The value of housing stock owned by so-called last-time buyers will grow by 51 per cent to £1.2trn by the end of this decade, according to research by Legal & General.
L&G has defined last-time buyers as the 3.3m homeowners who are 55 or over and living in larger homes and who are potentially willing to downsize.
The provider predicted that nearly half a million more households would join Britain’s last-time buyer market, increasing the number of households to 3.8m by 2020.
Nigel Wilson, chief executive of L&G said: “Last-time buyers are set to receive a massive boost to their home equity over the next five years, taking the overall value of their homes well past the £1trn mark.
“However, a lack of suitable properties for them to downsize into is in turn effectively cutting off the supply of sufficient homes for families in the UK.
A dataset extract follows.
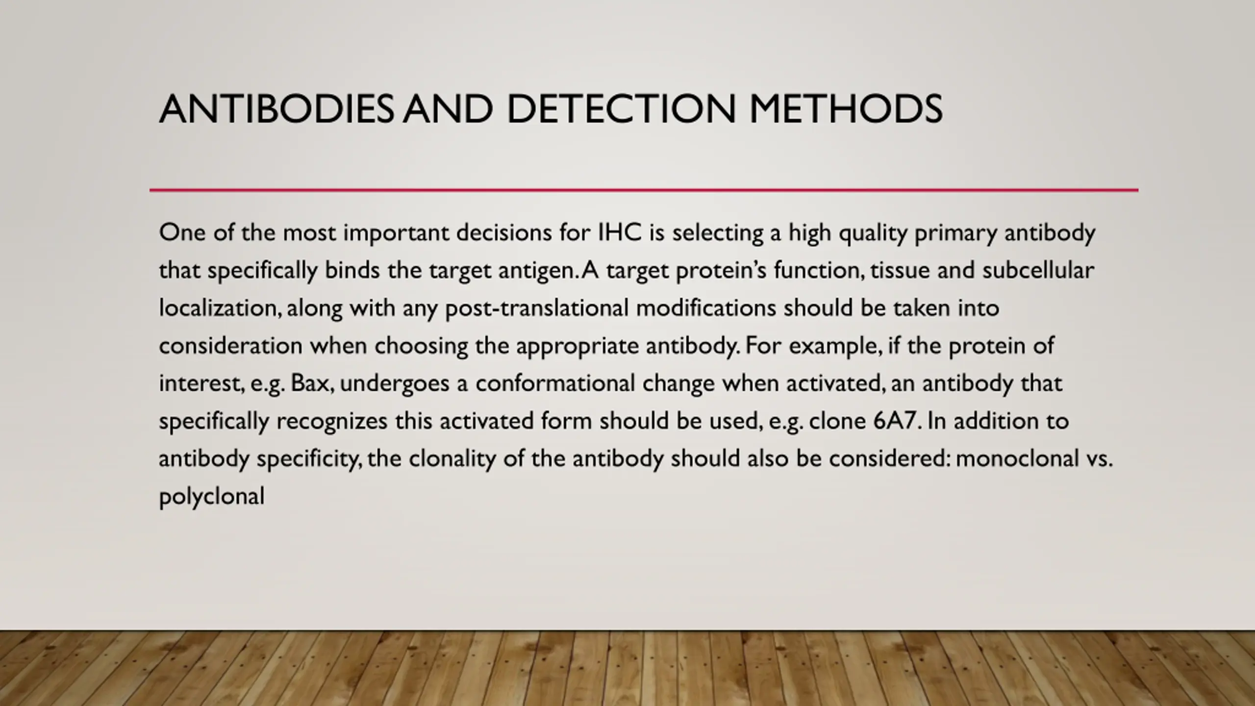 ANTIBODIES AND DETECTION METHODS One of the most important decisions for IHC is selecting a high quality primary antibody that specifically binds the target antigen. A target protein s function, tissue and subcellular localization, along with any post-translational modifications should be taken into consideration when choosing the appropriate antibody. For example, if the protein of interest, e.g. Bax, undergoes a conformational change when activated, an antibody that specifically recognizes this activated form should be used, e.g. clone 6A7. In addition to antibody specificity, the clonality of the antibody should also be considered: monoclonal vs. polyclonal

“We need to make it easier for older people to even consider moving by relieving the onerous burden of stamp duty, creating better options for equity release and providing real alternatives for older people in terms of the types of home that they can live in and the infrastructure that surrounds them.”
Keith Roseburgh, founder of Midlothian-based Keith Roseburgh Financial, said: “The main reason for downsizing may be to help children, but hopefully there will be some money left over for the property owner too. This means they need to think about how to make best use of it.
“Of course, this will depend on the individual’s situation. Whatever they do, it should be in line with their plans for retirement and overall financial goals.”